From the material below, copy exactly the lines beginning with the one that contains "ベストエピソードに選ばれた方に【折りたたみスマホ】をプレゼント" and ending with the one that contains "Această tendință de"; the pictures stay out.

RAW DATA:
━━━━━━━━━━━━━━━━━━━━

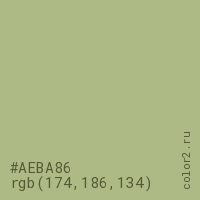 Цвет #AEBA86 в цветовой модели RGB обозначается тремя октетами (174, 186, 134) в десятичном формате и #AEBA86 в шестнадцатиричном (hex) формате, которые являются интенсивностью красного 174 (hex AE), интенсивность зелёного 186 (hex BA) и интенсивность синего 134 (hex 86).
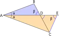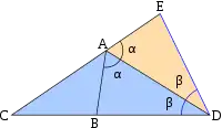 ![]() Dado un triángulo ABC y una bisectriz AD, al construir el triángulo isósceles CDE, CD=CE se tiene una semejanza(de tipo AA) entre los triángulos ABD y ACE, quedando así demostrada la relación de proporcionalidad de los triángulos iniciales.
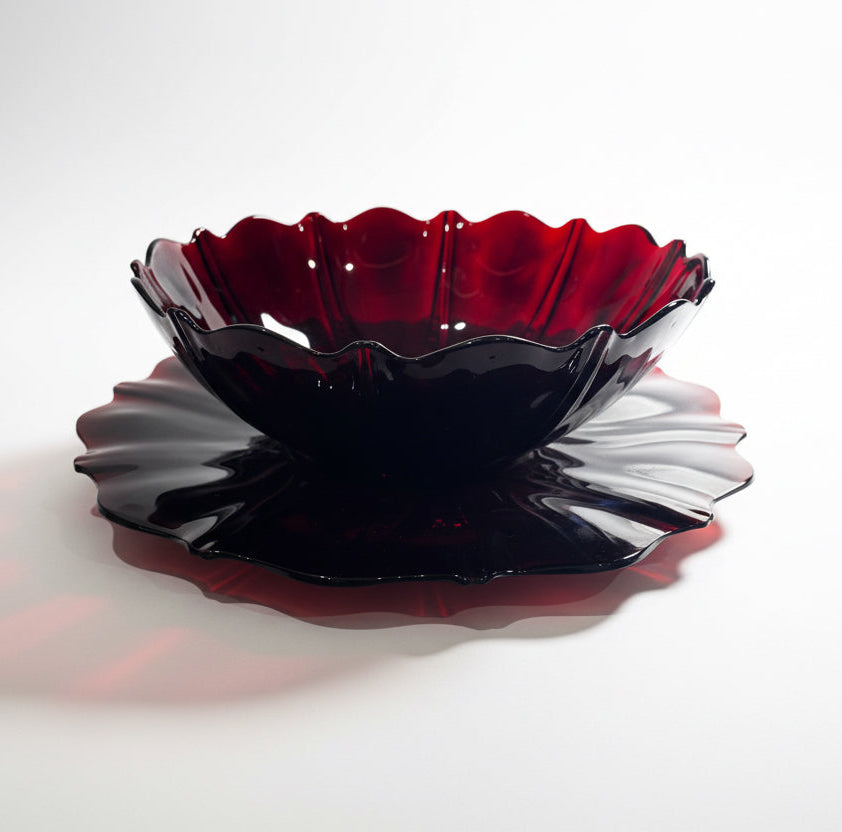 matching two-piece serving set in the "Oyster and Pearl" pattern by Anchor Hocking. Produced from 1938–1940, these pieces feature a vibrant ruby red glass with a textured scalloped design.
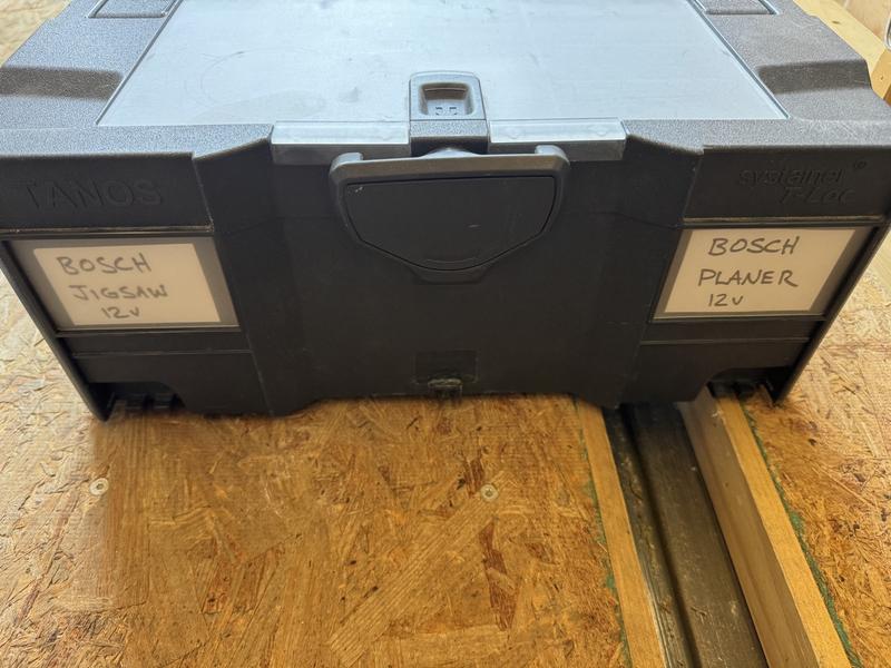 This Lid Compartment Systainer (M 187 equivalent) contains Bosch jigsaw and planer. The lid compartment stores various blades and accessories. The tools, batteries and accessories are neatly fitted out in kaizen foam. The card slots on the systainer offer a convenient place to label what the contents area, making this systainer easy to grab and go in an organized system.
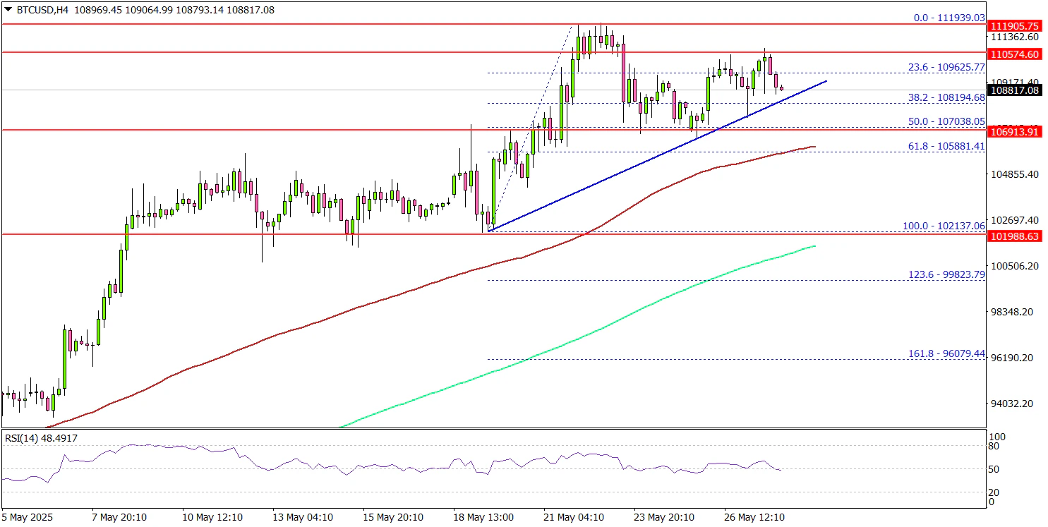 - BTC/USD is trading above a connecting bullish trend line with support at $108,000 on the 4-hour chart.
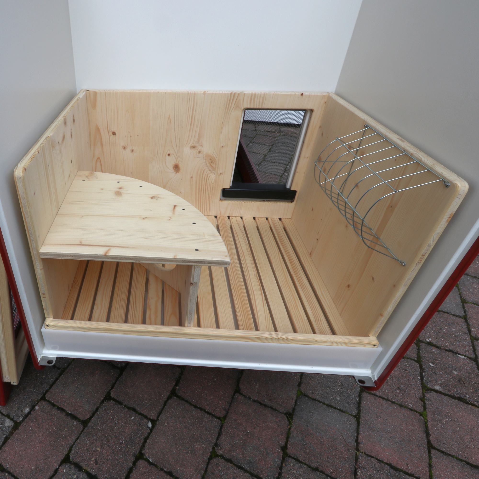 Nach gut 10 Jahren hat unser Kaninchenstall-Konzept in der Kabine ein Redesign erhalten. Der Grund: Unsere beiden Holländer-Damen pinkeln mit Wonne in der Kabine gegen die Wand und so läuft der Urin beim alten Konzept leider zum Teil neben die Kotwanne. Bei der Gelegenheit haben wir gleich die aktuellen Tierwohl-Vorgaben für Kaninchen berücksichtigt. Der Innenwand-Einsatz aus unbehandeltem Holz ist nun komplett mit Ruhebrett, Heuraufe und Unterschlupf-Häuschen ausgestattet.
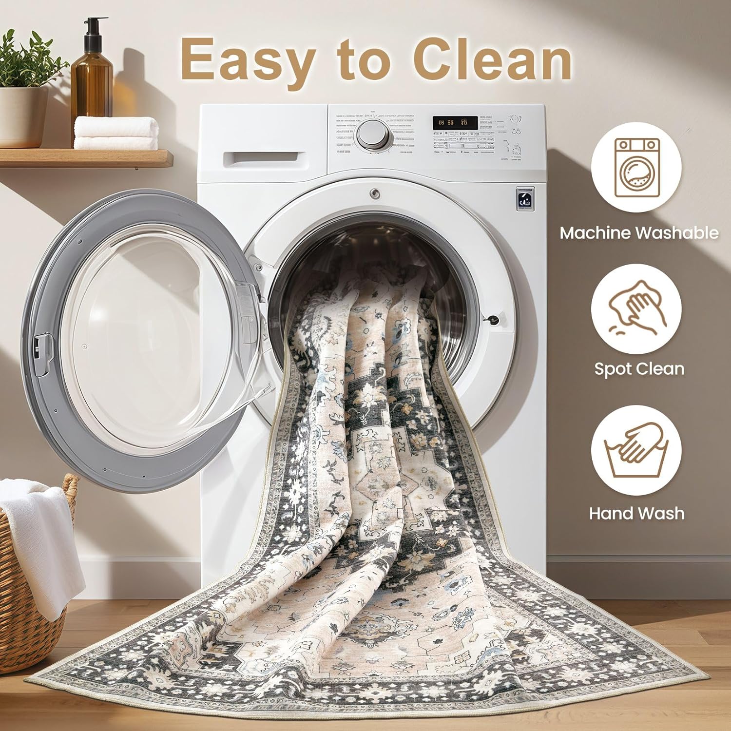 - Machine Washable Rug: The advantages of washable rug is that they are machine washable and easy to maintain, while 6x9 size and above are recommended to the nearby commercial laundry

━━━━━━━━━━━━━━━━━━━━

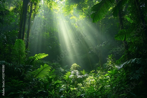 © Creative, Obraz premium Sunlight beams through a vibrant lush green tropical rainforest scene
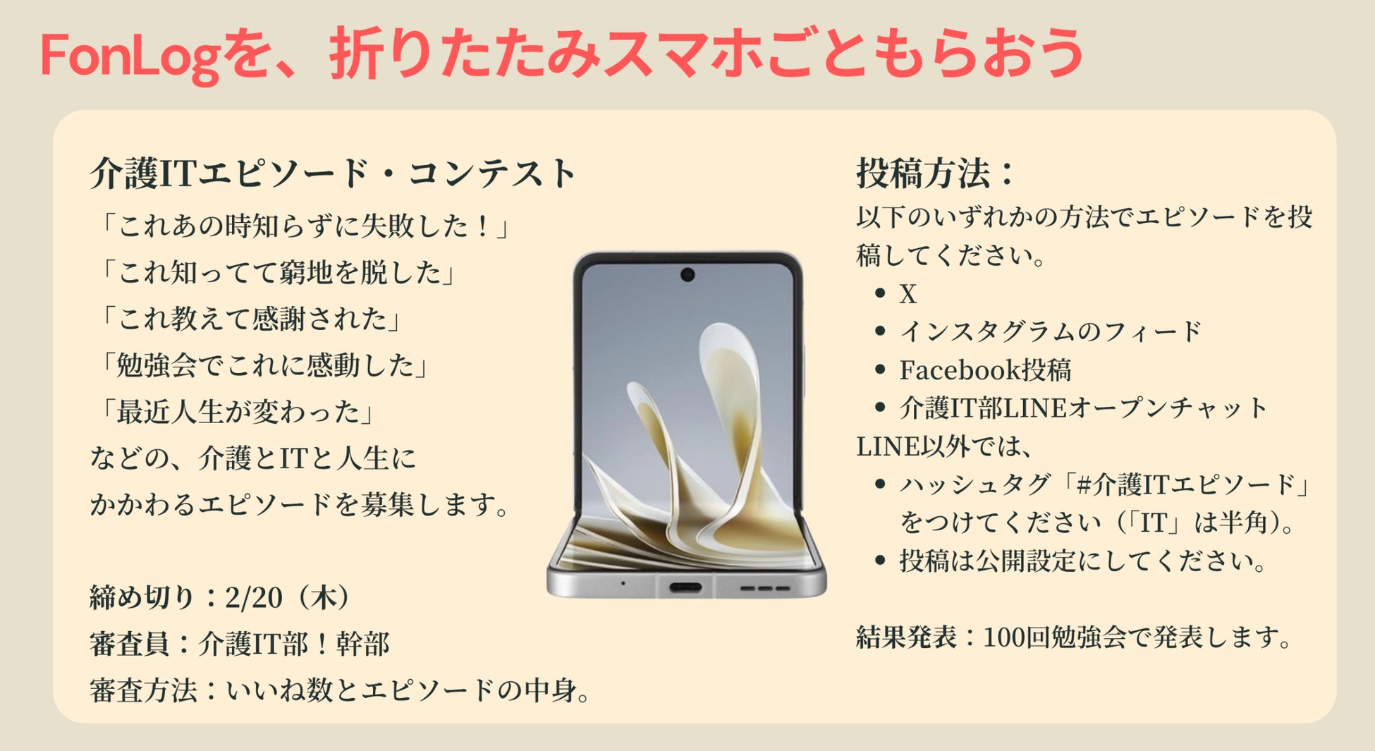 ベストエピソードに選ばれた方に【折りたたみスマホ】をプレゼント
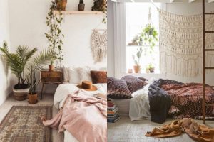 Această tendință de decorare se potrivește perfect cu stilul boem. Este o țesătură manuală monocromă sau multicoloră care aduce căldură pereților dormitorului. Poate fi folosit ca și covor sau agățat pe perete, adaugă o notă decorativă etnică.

━━━━━━━━━━━━━━━━━━━━

TASK OUTPUT:
 ベストエピソードに選ばれた方に【折りたたみスマホ】をプレゼント
 Această tendință de decorare se potrivește perfect cu stilul boem. Este o țesătură manuală monocromă sau multicoloră care aduce căldură pereților dormitorului. Poate fi folosit ca și covor sau agățat pe perete, adaugă o notă decorativă etnică.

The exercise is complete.